Overall survival (a, b) and event-free survival (c, d) according to ALC at the end of remission induction therapy and minimal residual disease (MRD) status (neg, negative; pos, positive).
DISCUSSION
We assessed the prognostic impact of ALC at the end of remission induction in the context of contemporary MRD-directed therapy. We found that a higher ALC (≥ 500 cell/μL) was significantly more prevalent among patients with B-lineage than T-lineage ALL, in those with favorable presenting features, and in those who had a good response to remission induction therapy and achieved MRD negativity on day 43. Patients with higher ALC at the end of induction also had higher leukocyte and platelet counts at the same time point. Both OS and EFS were superior among patients with higher ALC, but only the association with OS was statistically significant in a univariate analysis.

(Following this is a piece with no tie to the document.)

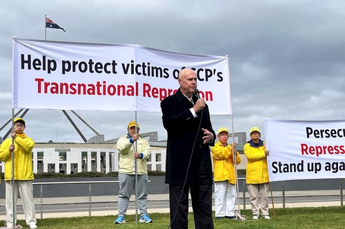 John Deller, portavoce dell'Associazione Falun Dafa Australia, ha dichiarato nel suo discorso durante la manifestazione: "La repressione transnazionale è una forma di repressione che attraversa i confini, proviene dalla Cina attraverso il sistema del Partito Comunista Cinese ed è molto estesa."
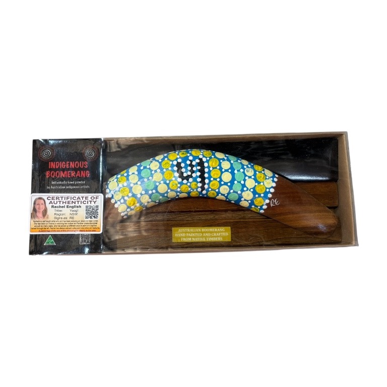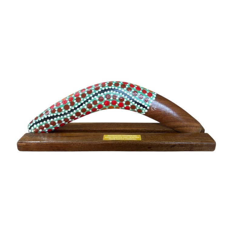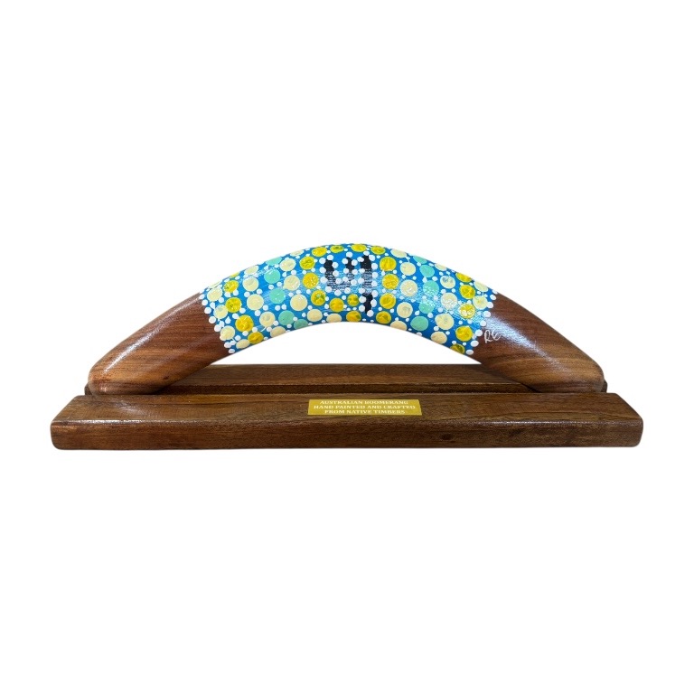 Discover the beauty and cultural significance of Indigenous art with our Hand-Painted 12-Inch (30cm) Dot Boomerang with box and display stand — a unique and authentic Indigenous Australian souvenir handcrafted in Australia. Each boomerang features a vibrant, contemporary Dotted design, carefully hand-painted by our team of Indigenous Australian artists. Each piece is presented in a box and comes complete with a display stand, making it ideal for gifting or showcasing in your home or office. These intricate artworks draw on cultural stories and traditional symbols, making every piece a meaningful expression of Indigenous heritage.

ALC was not significantly associated with EFS or OS after adjusting for other risk factors, including age, leukocyte count, lineage, risk group, and MRD.
A recent COG study that showed that end-of-induction ALC is a significant predictor of outcome in children with ALL even after accounting for MRD.6 Several factors may explain the differences between the COG report and our findings. First, remission induction therapy on the COG trials consisted of 3 or 4 drugs given over a 4-week period, whereas the Total Therapy XV trial included 8 drugs in a 6-week induction period. Thus, ALC and MRD were evaluated at day 29 in the COG study and at approximately day 43 after more intensive therapy in our study. This difference in timing and intensity of therapy was reflected in higher ALC values in the COG study (median, 2280 cells/μl; range, 192–9890 cells/μl) than in our study (median, 1024 cells/μl; range, 120–6942 cells/μl). The most important difference, however, was the outcome for MRD-positive patients in the two studies. In the COG report, relapse-free survival and OS rates for patients with low ALC and positive MRD were 33% and 41% respectively, compared with EFS and OS rates of 69% and 77% for the corresponding group in our study. In the COG study, ALC identified MRD-positive patients with dismal or very good OS rates (41% vs. 92% for those with low or high ALC, respectively), whereas ALC was not associated with survival among MRD-positive patients in our study (77% vs. 84%).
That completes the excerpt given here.